Miriam rolled her eyes.
“Support. How sweet.”
Norton looked directly at her.
“You already knew what I was, Miriam.”
Her smile faltered.
“I don’t know you.”
“Yes, you do.”
He paused.
“Think.”
“Norton,” she warned.
That was the first time she used his name.
Mark looked between them.
“Wait. You know him?”
Norton nodded.
“We were signed with the same talent agency once.”
Miriam stepped forward.
“Don’t.”
“You were dropped,” Norton said, “after making complaints every time someone else got a callback.”
“That’s a lie!”
“No,” Norton said. “It’s a pattern. You insult people, report them for reacting, then cry first.”
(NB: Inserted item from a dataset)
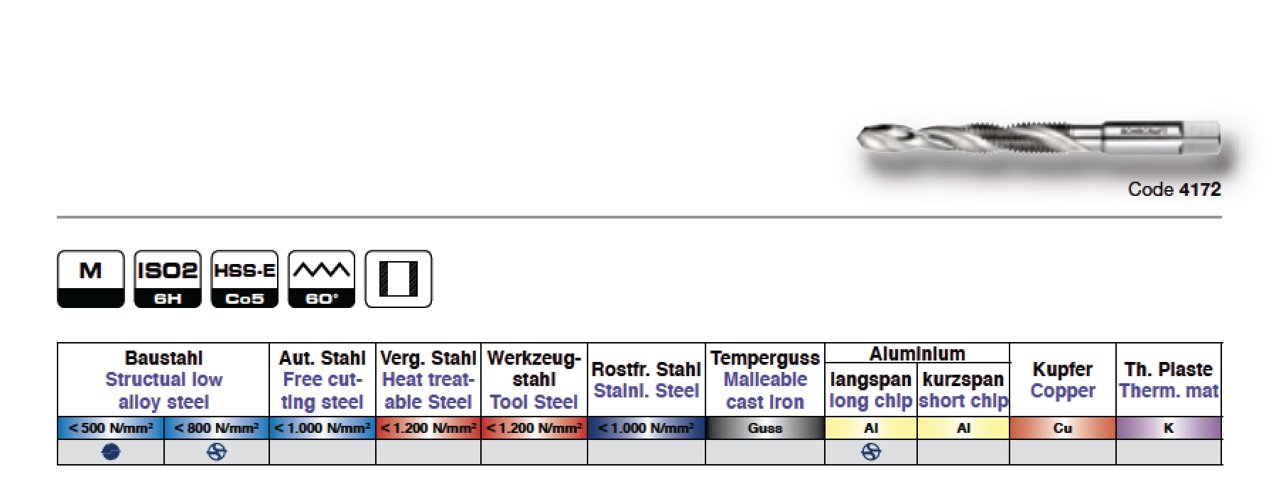 Для сверления и нарезания метрической резьбы от M 3 до М12 за один проход в сталях и материалах с пределом прочности до 800Н/мм2

A low murmur moved through the crowd.
Mark stared at Miriam.
“Is that true?”
“You’re seriously asking me that?” she snapped.
Norton turned toward me and held out the microphone.
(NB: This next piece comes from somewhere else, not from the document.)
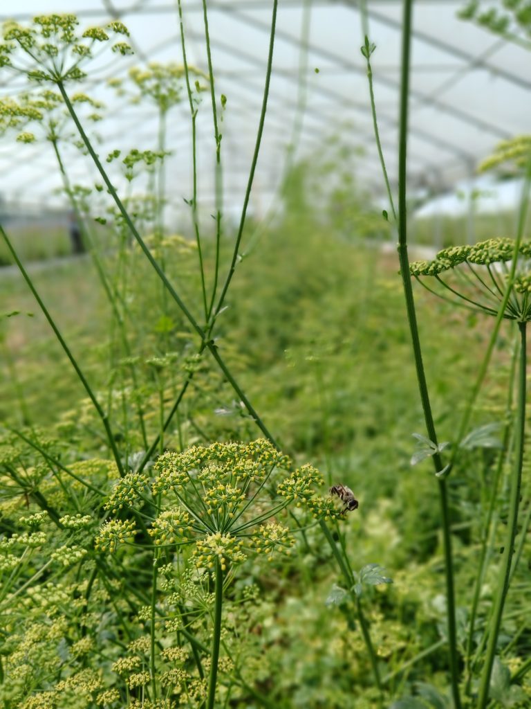 Es ist die gute alte Petersilie (auf gut oberösterreichisch „da Bedasü“), die gerade in unserem Gewächshaus zur Samenvermehrung abblüht. Essen sollte man das Kraut jetzt nicht mehr, da der Gehalt am Giftstoff Apiol mit der Blüte immer höher wird.

“Daphne should answer the rest.”
Miriam laughed.
“She won’t say anything. She never does.”
I walked up the steps and took the microphone.
My hand shook.
My voice didn’t.
“I teach literature,” I said. “This week, I taught my students about unreliable narrators.”
Miriam scoffed.
“Oh, please.”
“An unreliable narrator hides the truth,” I continued. “Sometimes by lying. Sometimes by leaving things out. Sometimes by smiling while handing everyone a twisted version of someone else.”
The gym went quiet.
“In high school, Miriam told people I thought I was better than them because I liked books. She said I was cold because I was shy. She said I was stuck-up because I didn’t know how to fight back.”
Miriam folded her arms.
“You were stuck-up.”
“No,” I said. “I was scared.”
For once, she had no quick answer.
So I kept going.
“Then Mark married me. And Miriam handed him a new story. She told him I was judgmental, cold, and impossible to love.”
Mark looked up.
“Daphne. Not here.”
“Yes, Mark. Here.”
His jaw tightened.
“This isn’t fair.”
I almost laughed.
“You mean public? Because unfair was coming home to a husband who had already put me on trial. She lied because that’s what she does. But you believed her because it was easier than asking me for the truth.”
He flinched.
Miriam stepped forward.
“Don’t blame me because your marriage failed.”
I turned to her.
“I blamed myself for years. You don’t get that gift anymore.”
Her face hardened.
“For years, I thought Miriam stole you,” I told Mark. “Tonight, I finally understand something. She only opened the door. You walked through it.”
Miriam’s eyes filled with angry tears.
“You’re all listening to this?” she cried. “She paid a man to stand beside her!”
“Yes,” I said. “I did.”
I looked around the room.
“I hired Norton because I was afraid to walk into this room alone. Not because I needed a man to make me valuable, but because I needed one person beside me who hadn’t already been told I was worthless.”
I turned back to Miriam.
“And I had no idea he knew who you were.”
A woman near the photo booth stood up slowly.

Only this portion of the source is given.